**Problem:**
Reproduce the lines below exactly. Skip images.

**Recorded information:**
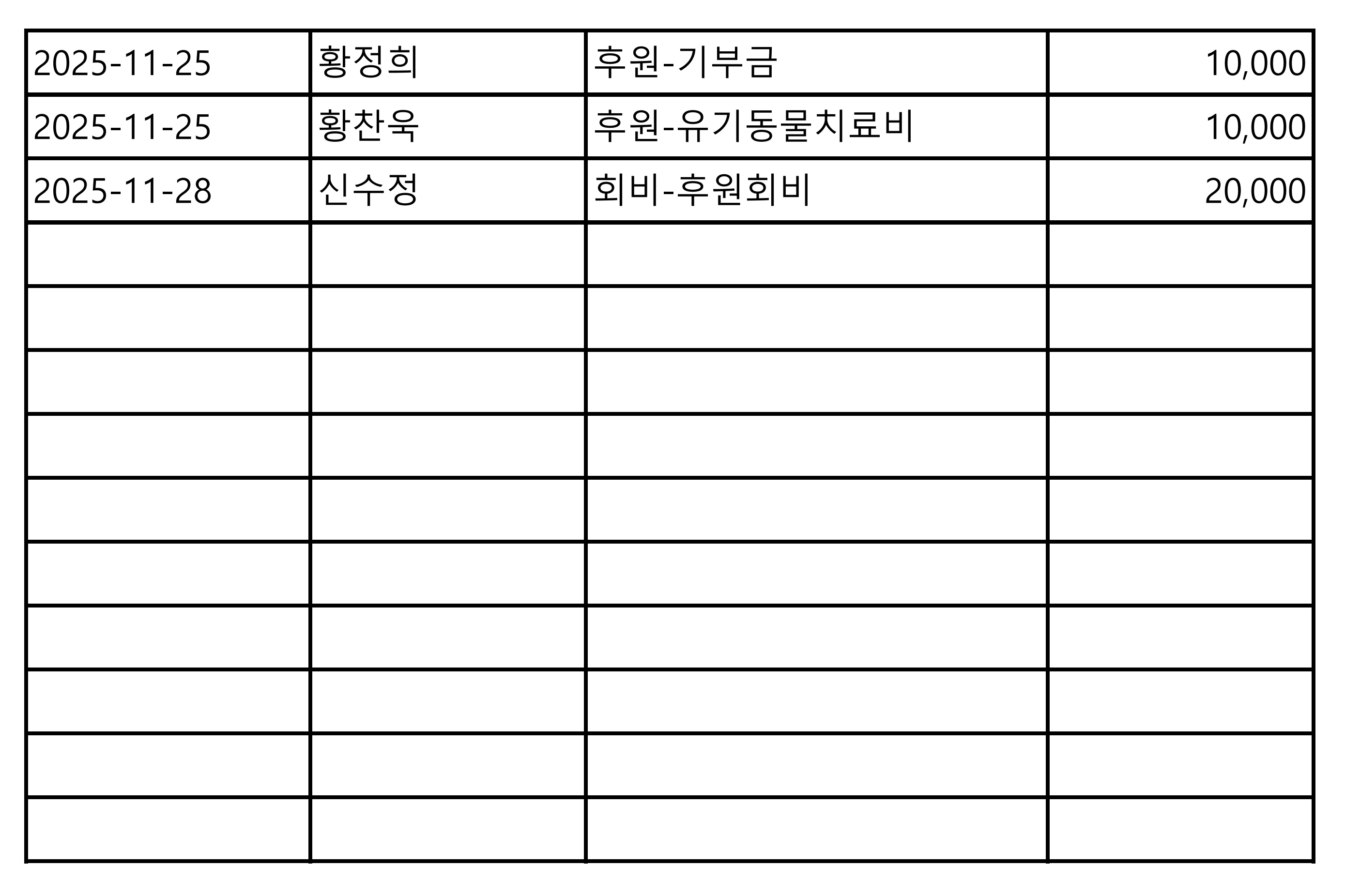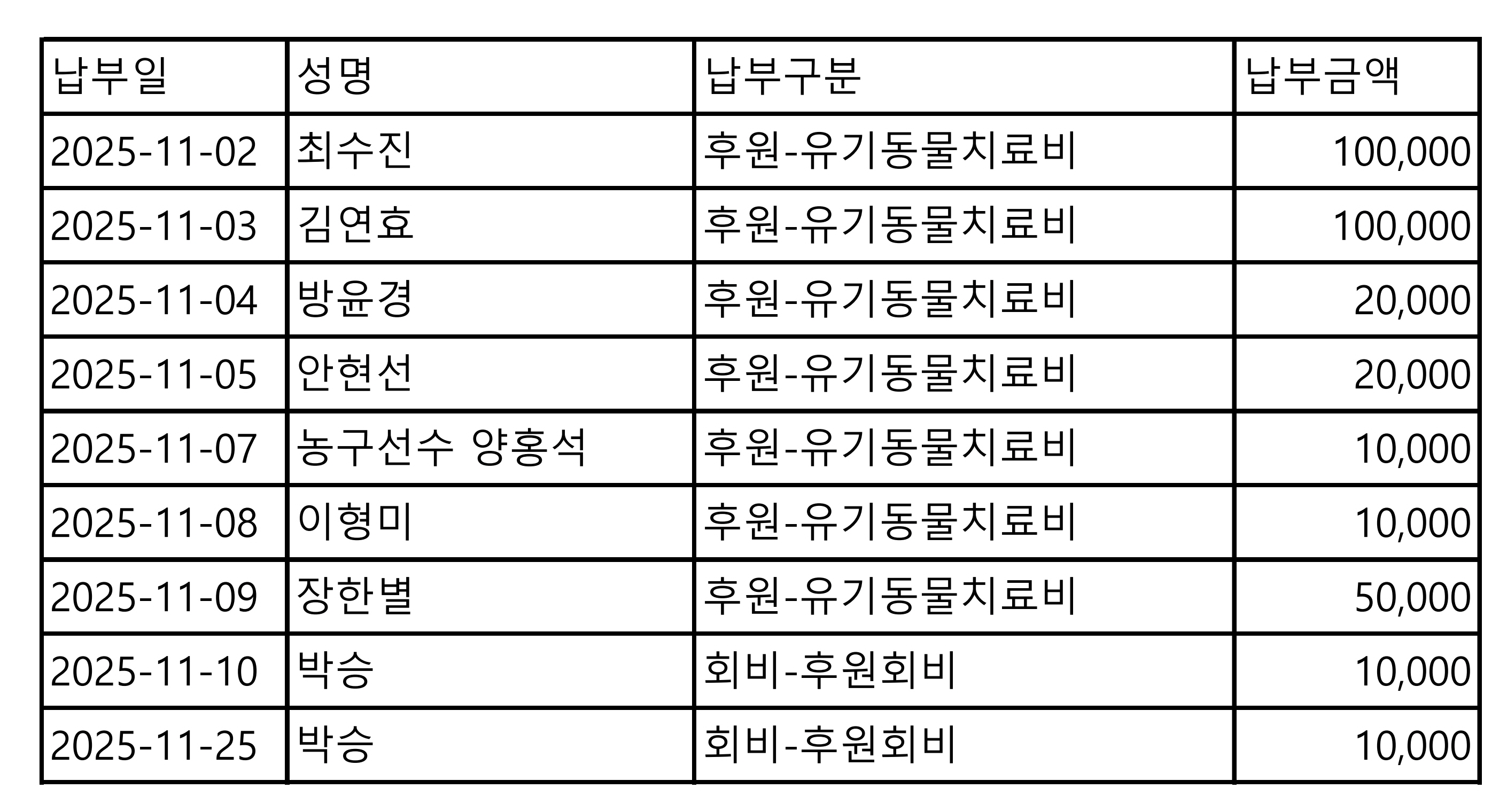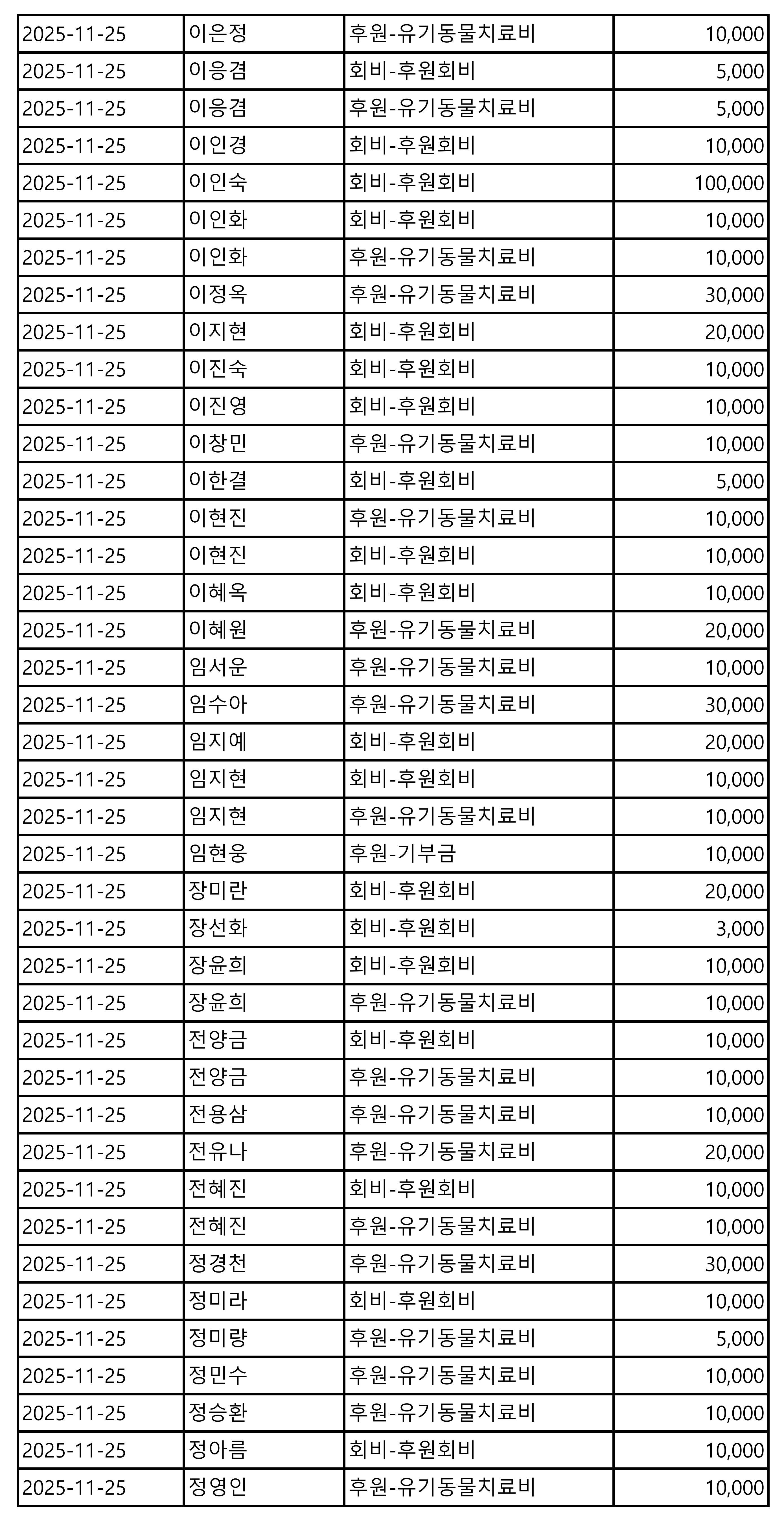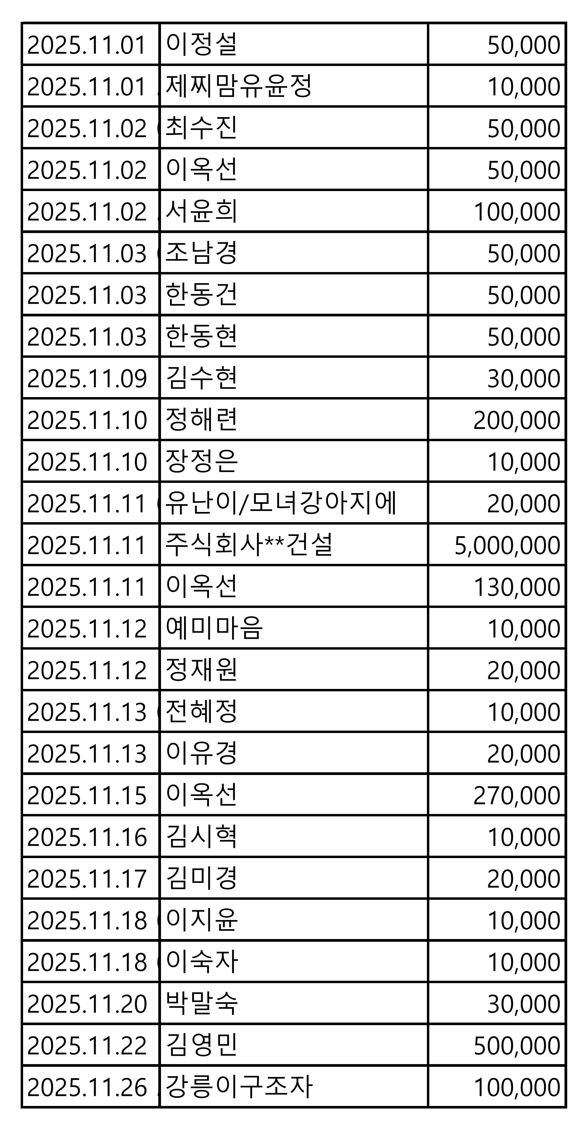 2025년 11월 CMS, 신용카드, 계좌입금을 이용한 정기, 일시후원 리스트
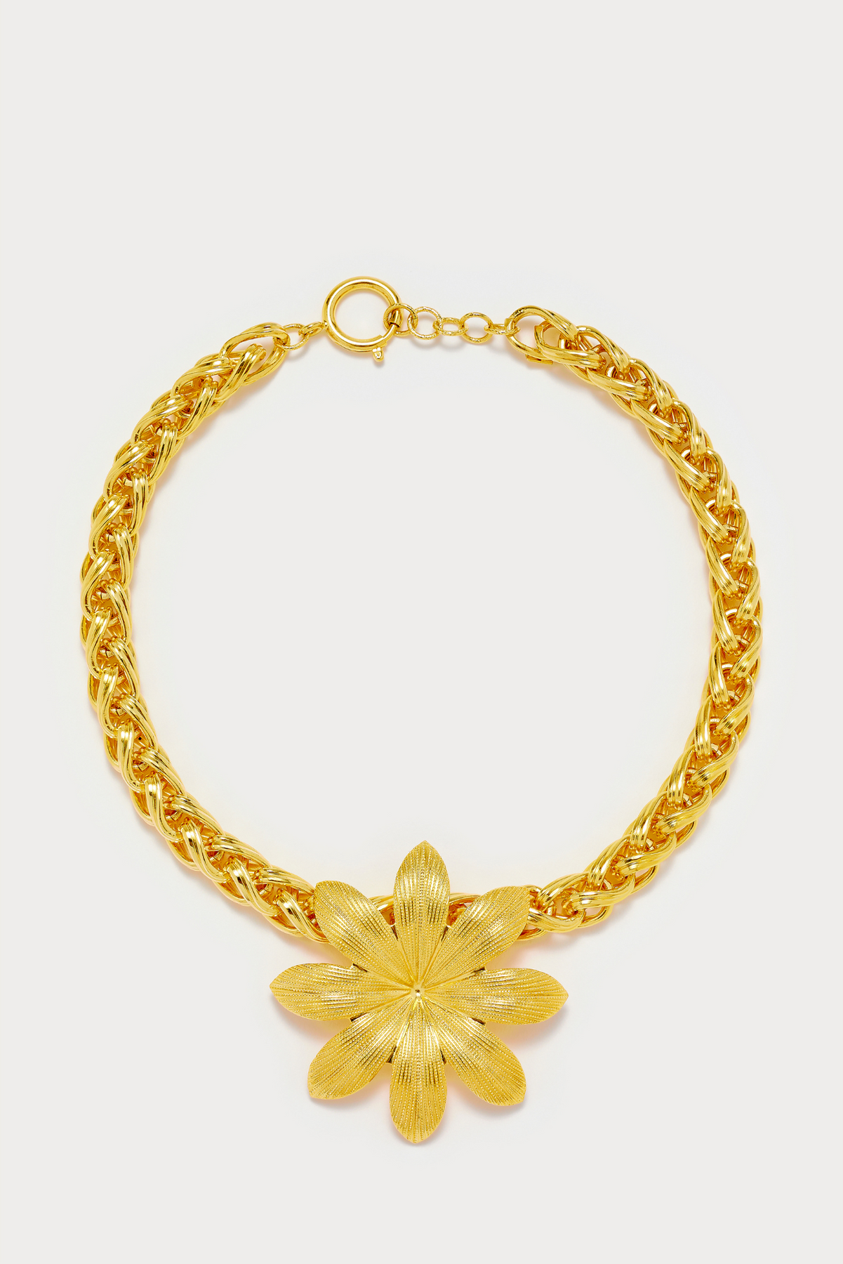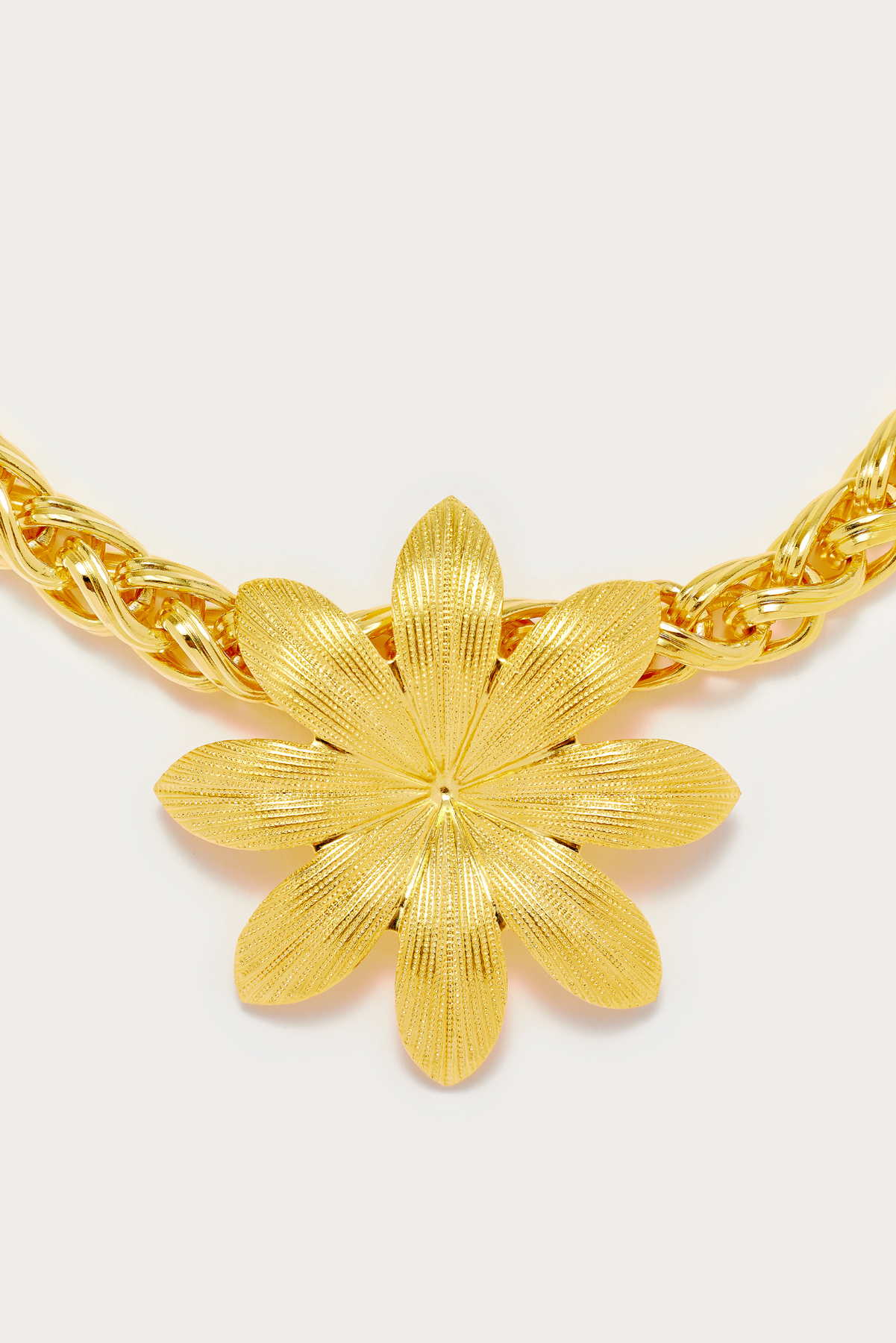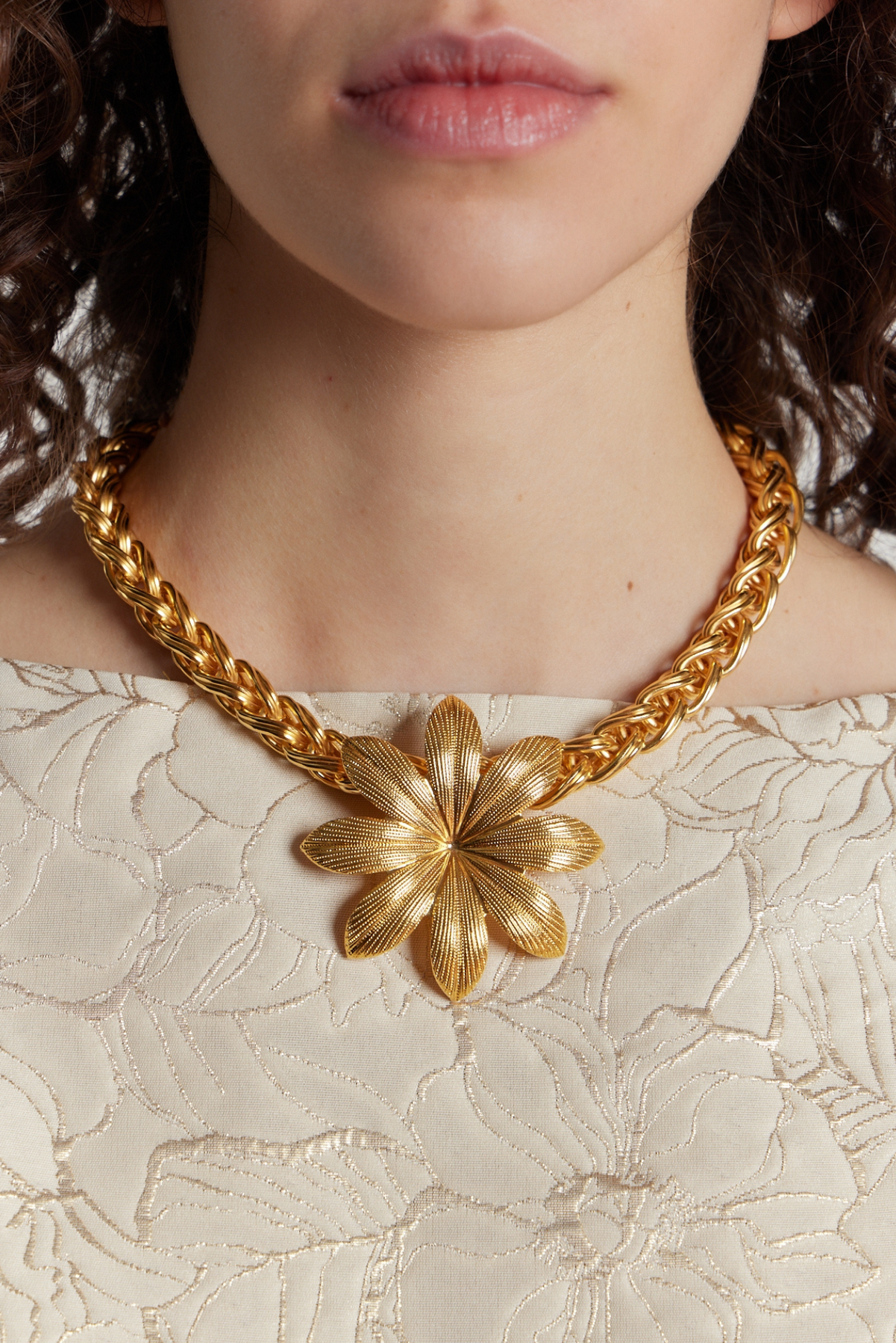 Add a touch of whimsy to your outfit with the Elizabeth Chain Lilium Gold necklace. This 100% golden plated brass necklace features a delicate Lilium flower, crafted in Paris. Perfect for any occasion, let this unique piece be the statement of your style.
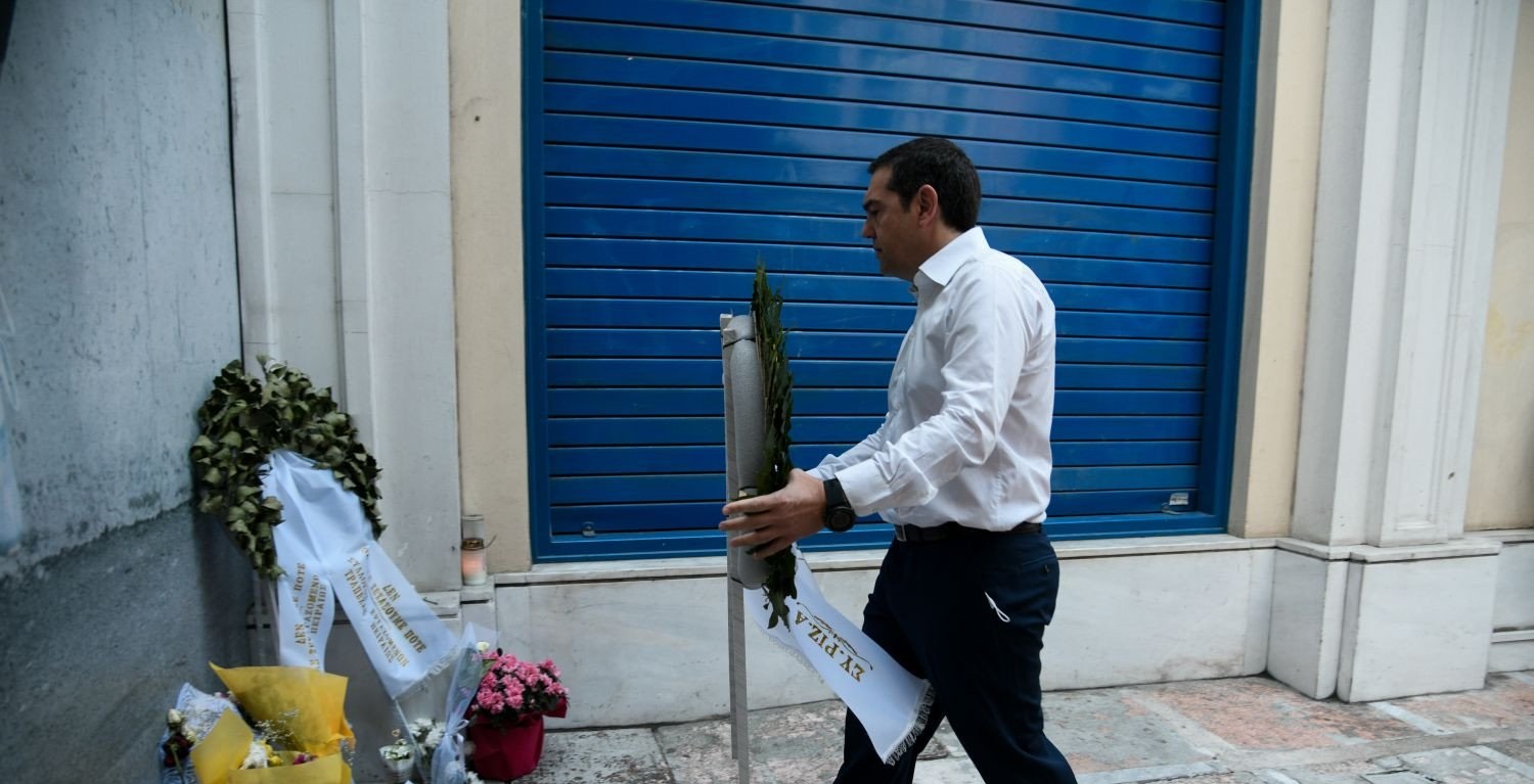 Ο αρχηγός του ΣΥΡΙΖΑ, Αλέξης Τσίπρας, κατέθεσε λίγο μετά τις 9.30 το πρωί στεφάνι στη Marfin, αποτίοντας φόρο τιμής στους νεκρούς.
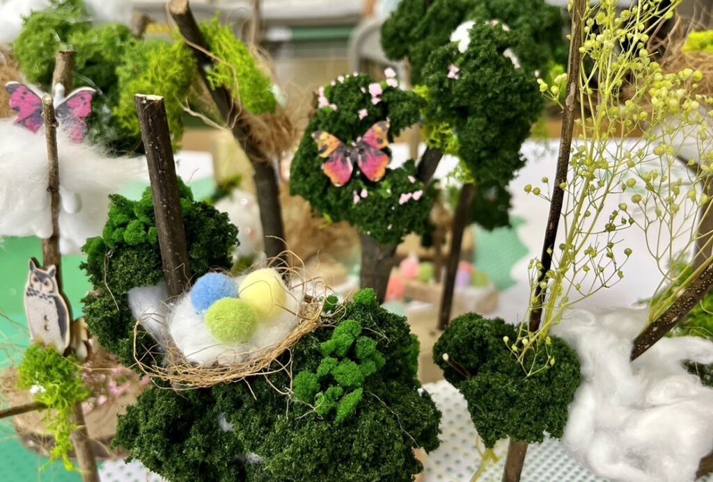 高尾の森林の枝をつかい、みんなで森をつくりました。

**Reply:**
 2025년 11월 CMS, 신용카드, 계좌입금을 이용한 정기, 일시후원 리스트
 Add a touch of whimsy to your outfit with the Elizabeth Chain Lilium Gold necklace. This 100% golden plated brass necklace features a delicate Lilium flower, crafted in Paris. Perfect for any occasion, let this unique piece be the statement of your style.
 Ο αρχηγός του ΣΥΡΙΖΑ, Αλέξης Τσίπρας, κατέθεσε λίγο μετά τις 9.30 το πρωί στεφάνι στη Marfin, αποτίοντας φόρο τιμής στους νεκρούς.
 高尾の森林の枝をつかい、みんなで森をつくりました。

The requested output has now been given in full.